Suppose I have 10 sample means. I want to find the probability of rank of the population means using sample means. Therefore, I want to perform two experiments.
First experiment: I pick one of the sample means and compute the probability of being rank from 1 to 10 of the population mean correspond to the sample mean, i.e, what is the probability that this population mean's rank is 1 or 2 or 3....or 10. Note that I used only one sample mean here.
Second experiment:I sort all 10 sample means in the descending order so that the maximum number is in the first and the minimum number is in the last. Then compute the probability of the corresponding population means to be rank 1 if the sample mean's rank is 1, to be rank 2 if the sample mean's rank is 2, and so on. Here I used all sample means.

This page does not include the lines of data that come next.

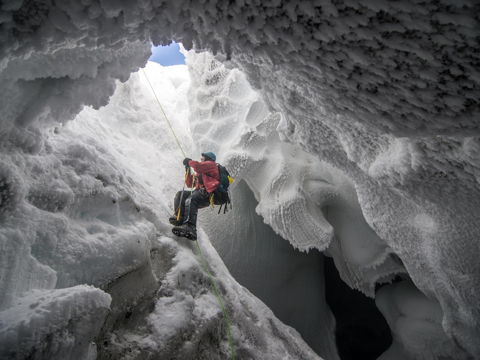 Обои Спелеолог в арктической пещере
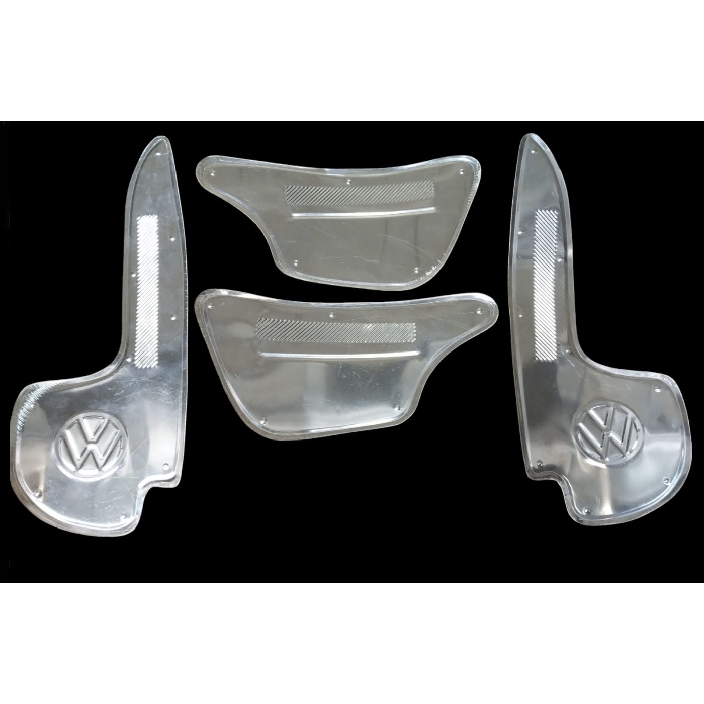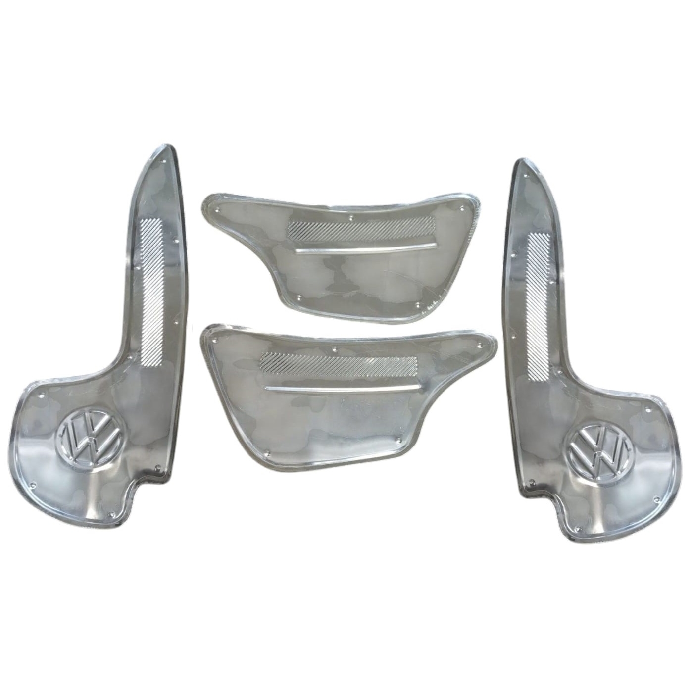 Kit polaina modelo americana em inox. O kit contém 4 peças (2 polainas dianteiras e 2 polainas traseiras dos para-lamas). As traseiras vem com o logo VW estampado. Podem ser usadas em todos os anos do Fusca.
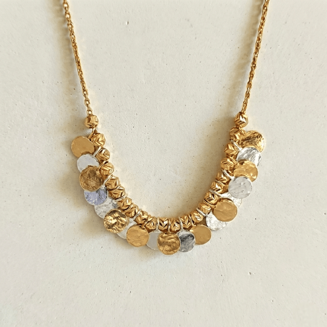 Élégance lumineuse et raffinement artisanal se rencontrent dans le collier Bicolore, alliance subtile d’argent 925 plaqué or 18 carats. Orné de 21 pampilles rondes martelées aux reflets argent et or, il capte la lumière avec grâce et mouvement. Ce collier s’impose comme une pièce incontournable de toute collection de bijoux.
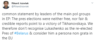 Як повідомив на своїй сторінці в Twitter журналіст Рікард Йозвяк, з посиланням на спільну заяву партій Європейського парламенту, вибори в Білорусі не були ні вільними, ні справедливими і вказують на перемогу Світлани Тихановської.
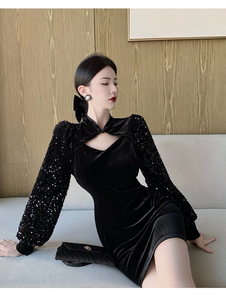 改良されたチャイナドレスイブニングドレスショートウィメンズイヤーズイブヤングバンケットテンペラメントスパークリングスパンコールゴールドベルベットドレス micat56260269759
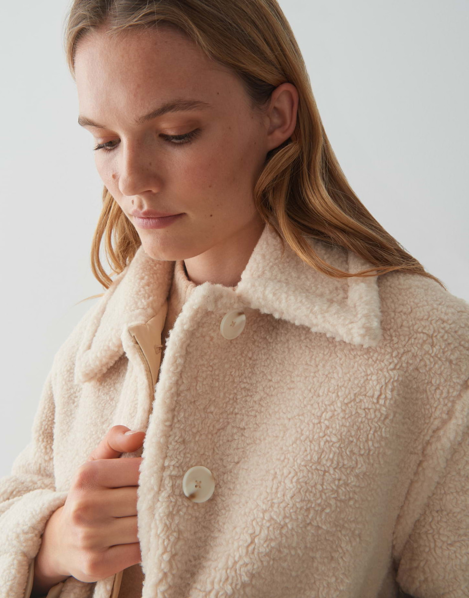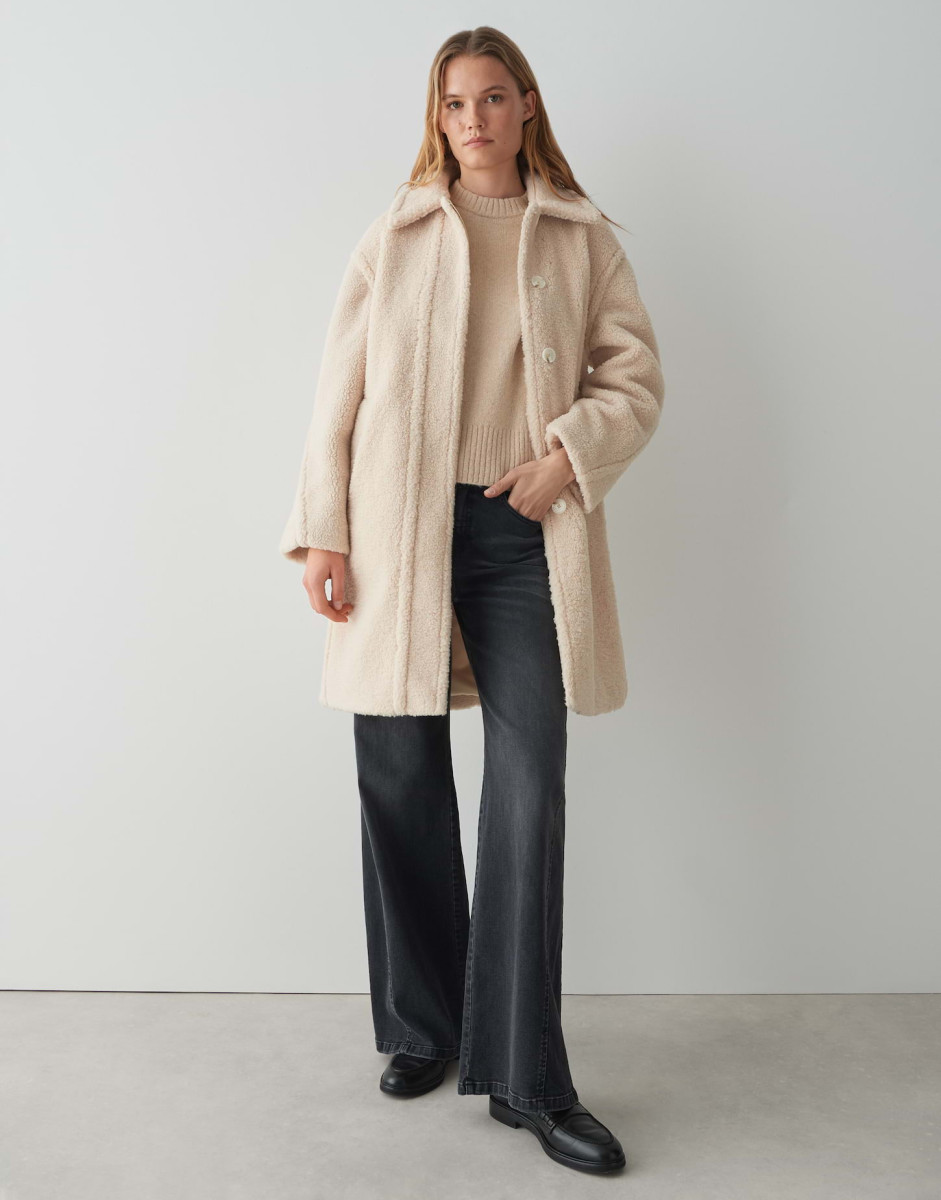 Lockere Passform | Ovaler Schnitt | Knielang | Überschnittene Schulter | Umlegekragen | Teddyfell | Glattes Innenfutter | Flauschiger Griff | Wärmend | Schräge Eingrifftaschen | Verdeckte Knopfleiste

My question is, are these two experiments equivalent? Note that I assume that I have the tools to compute the probability of the rank. I am are trying to find the ranking probabilities of the population means using sample means. In practice, we estimate population mean by sample mean but we never know the actual population mean.
Thank you
Comment on related issues.
In a balanced one-factor analysis of variance, one has the model $$Y_{ij} = \mu_i + e_{ij},$$ for groups (independent samples) $i = 1, \dots, g,$ replications $j = 1, \dots, n$ observation within each group, and $e_{ij} \stackrel{indep}{\sim} Norm(0, \sigma).$ Notice that all treatment groups are assumed to produce normal data, and with the same standard deviation $\sigma.$ 'Balanced' means that the number $n$ of replications in each group is the same.
An F-test is used to test the null hypothesis $H_0$ that all $n$ of the $\mu_i$ are equal against the alternative that there is at least one difference among them.
If $H_0$ is rejected, then one supposes there is a pattern of differences among the $\mu_i$ and various procedures are used to try to discern that pattern. Names of some of these 'multiple comparison' procedures are Fisher's LSD, Tukey's HSD, Student-Newman-Kuels, Bonferroni, and so on. These procedures are based fundamentally on looking at sample means $\bar X_i.$
Generally speaking, it is easier to distinguish between $\mu_i$ and $\mu_{i^\prime}$ if the difference is several times the standard error $\sigma/\sqrt{n}$, and almost impossible to make a distinction if the difference is a fraction of the standard error. In practice, it is not usually possible to put, say 6, group population means exactly their proper order, often because people try to save money on the experiment and $n$ is too small.
I think you need to be able to distinguish such differences between population means order to make any real sense of 'ranking.'
Your question is a bit vague. I mention this relevant ANOVA model for two reasons. (1) Browsing explanations of one-way ANOVA designs and multiple comparison procedures may give you ideas how to formulate your question more precisely. (2) If your question is closely related, some part of your problem may already have been solved.
If you want to give me examples of differences between neighboring means, sample sizes, and the standard deviation, I may be able to give you a more specific answer to your question.